Leave out the images; return the rest of the data exactly.

▶ Data segment
· · · · · · ·

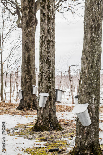 Canvas Prints forest of maple sap buckets on trees
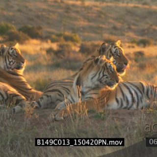 A Bengal tigress with her cubs in GOLDEN LIGHT feeding on carcass
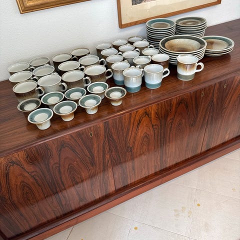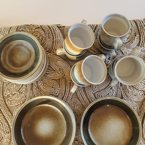 Pent brukt servise fra PP, Tundra, fra 1970 tallet til salgs. Serviset har en fargeskala i jordtoner med grønn, grå og beige og er håndmalt. Passer til daglig bruk og servering.

· · · · · · ·

▶ Answer to this exercise
 Canvas Prints forest of maple sap buckets on trees
 A Bengal tigress with her cubs in GOLDEN LIGHT feeding on carcass
 Pent brukt servise fra PP, Tundra, fra 1970 tallet til salgs. Serviset har en fargeskala i jordtoner med grønn, grå og beige og er håndmalt. Passer til daglig bruk og servering.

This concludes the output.